Informed Funding |
There were a couple of interesting news items this month that caught our attention. One being the speech given by Jonathan Davidson, the current Director of Supervision – retail and authorisations at the FCA, at the Future of Lending Conference, and the other being the recent FCA update relating to ‘Smarter Consumer Communications’.
Jonathan Davidson talks @ Future of Lending Conference
Jonathan Davidson recently gave a speech at the Future of Lending conference with some interesting updates for alternative lenders. His speech focussed on 3 main areas:
Innovation - Davidson looked to offer some advice for innovative new entrants to the market namely, that no-one in the FCA is worrying or fretting about a firm’s business making money from bold but fair customer propositions. However, the FCA will categorically not wave through innovations with no useful purpose to consumers. This point wasn’t elaborated on but is definitely something to bear in mind when launching new products and applying for or varying your permissions.
Consumer Protection – There is a much larger ongoing project at the FCA (and another paper in the offing) on how firms assess consumers’ creditworthiness and the affordability of their products. I’m sure this will not be so much of an issue for the data-driven platforms out there, utilising multiple data points to make informed credit decisions.

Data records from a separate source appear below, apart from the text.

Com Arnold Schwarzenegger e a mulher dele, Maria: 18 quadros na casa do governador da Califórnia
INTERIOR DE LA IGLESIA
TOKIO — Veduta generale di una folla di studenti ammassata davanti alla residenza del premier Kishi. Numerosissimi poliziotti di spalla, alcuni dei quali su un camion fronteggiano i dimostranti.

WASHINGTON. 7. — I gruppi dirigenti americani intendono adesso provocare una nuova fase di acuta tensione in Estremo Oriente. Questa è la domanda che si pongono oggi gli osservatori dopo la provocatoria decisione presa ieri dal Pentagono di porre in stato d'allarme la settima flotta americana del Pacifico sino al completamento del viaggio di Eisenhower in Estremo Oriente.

The FCA are also nearing completion of another thematic review into staff remuneration – a key issue of focus is that in consumer credit, there is not just the risk of mis-selling, but also of not exercising appropriate forbearance if staff are financially incentivised to collect from customers in arrears. Consumer protection was a pervasive theme in the recent FCA Consultation Paper on crowdfunding and firms can expect regulatory changes from the FCA in the future to reflect this.
Market Integrity – This section of the speech is actually labelled as ‘keeping an eye on P2P’ by the FCA so this goes to show that the P2P market in particular has definitely caught the FCA’s attention. What this will mean remains to be seen but Davidson was keen to highlight the FCA’s concerns over one noticeable trend in particular - whether loan volumes in P2P are growing fast enough to keep up with investor appetite. The important question for the FCA is ‘how do P2P lenders respond to this greater demand?’ There were forewarnings that the FCA will keep a close eye on the market to make sure firms don’t respond by lowering underwriting standards, creating affordability issues for borrowers and credit risk for lenders.

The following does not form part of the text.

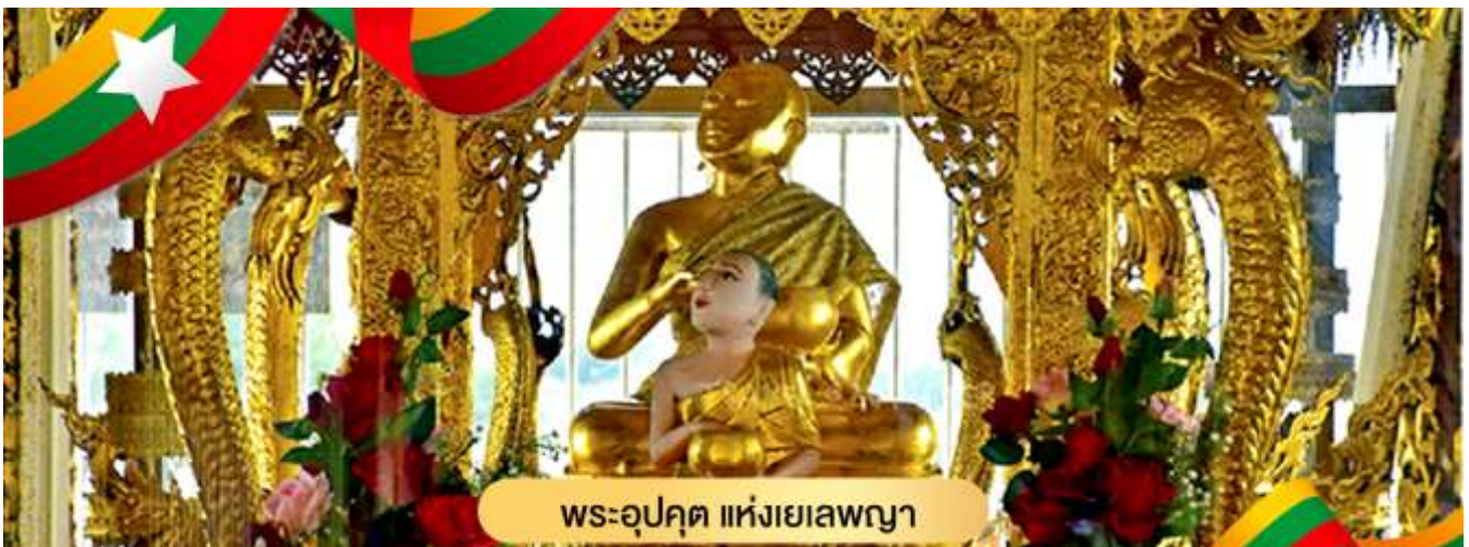
พระอุปคุต แห่งเยเลพญา

นำท่านไหว้สักการะเพื่อขอพร พระจกบาตร หรือพระคุปคุต ที่เป็นที่นับถือของชาวพม่า สามารถซื้ออาหารเลี้ยงปลาตุ๊กตัวใหญ่นับพัน ที่ว่ายวนเวียนให้เห็นครีบหลังที่โผล่เหนือผิวน้ำ

Smarter Consumer Communications
The FCA has recently published a review on what they call ‘’. This review was designed to start a debate that optimistically ends with a solution as to how information can be delivered to consumers in more effective ways.
It seems that the people have spoken and the FCA has listened as the paper culminated in the removal of certain unpopular and impractical templates and requirements in the FCA Handbook which firms have had to use or adhere to when providing information to their customers. In line with the Smarter Consumer Communications initiative, the FCA has said that it wants to create an environment where firms have flexibility to decide the best ways to communicate key information to consumers – firms should have a greater freedom around the design and content of any disclosure they make available to consumers. This is clearly a move away from the ‘tick-box’ approach to disclosure that might be restricting firms from finding better ways to give consumers the relevant information.

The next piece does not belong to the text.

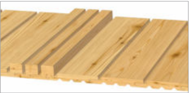
Gestaltungsvorschlag 1: 3x 40x68 mm, 3x 21x146 mm
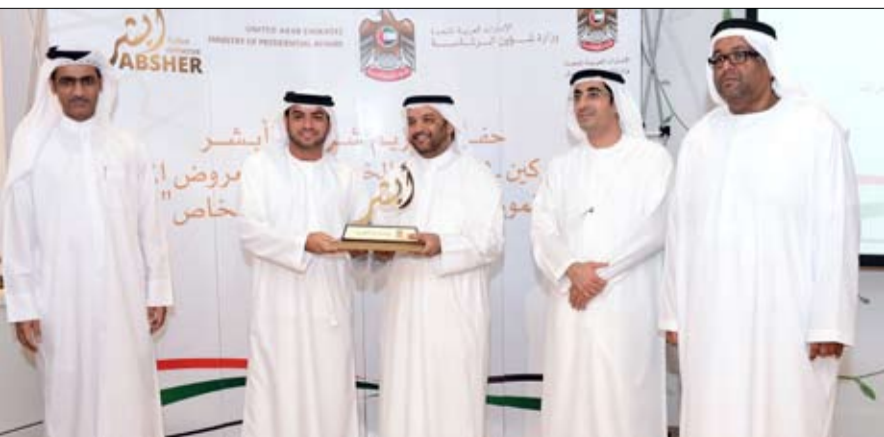
السامية التي أطلقها صاحب السمو رئيس الدولة وتحظى بتابعته من سمو الشيخ منصور بن زايد آل نهيان نائب رئيس مجلس الوزراء

وأوضح الظاهري أن برامج صيفنا مميّز تشمل فعاليات يوم التراث، ويتم فيه تدريب الطلبة في ورش متخصصة على التراث الوطني والتقاليد والقيم الأصلية لمجتمع الإمارات من خلال مدربين متخصصين، وتتعلم الطلبة خلال التدريب منظومة شاملة من هذه القيم في مقدمتها آداب المجلس وتوقير الكبار والتعلم من حكمتهم وخبرتهم واستقبال الضيوف وغيرها من الأمور التي سيحرص الطالب ثرات الآباء والأجداد، وآليات الحفاظ عليه، ورعايته.

Although the Smarter Consumer Communications paper is mainly relevant for insurance companies and banks it is interesting to see that the regulator is keen to drag this market into the 21st century with greater focus on tech, clear and more bespoke communications with consumers and greater flexibility going forward. It would be best practice then for all FS firms to take the Smarter Consumer Communications into account as the chances are that similar provisions will be rolled out for all regulated firms in the future.
Jonathan Segal, Partner at Fox Williams LLP
Jonathan is a partner in the FinTech and Alternative Finance team at Fox Williams, a City-based Law Firm. He advises clients across the FinTech and Alternative Finance spectrum, from start-ups disrupting existing markets with innovative technology to financial institutions looking to invest in new technology.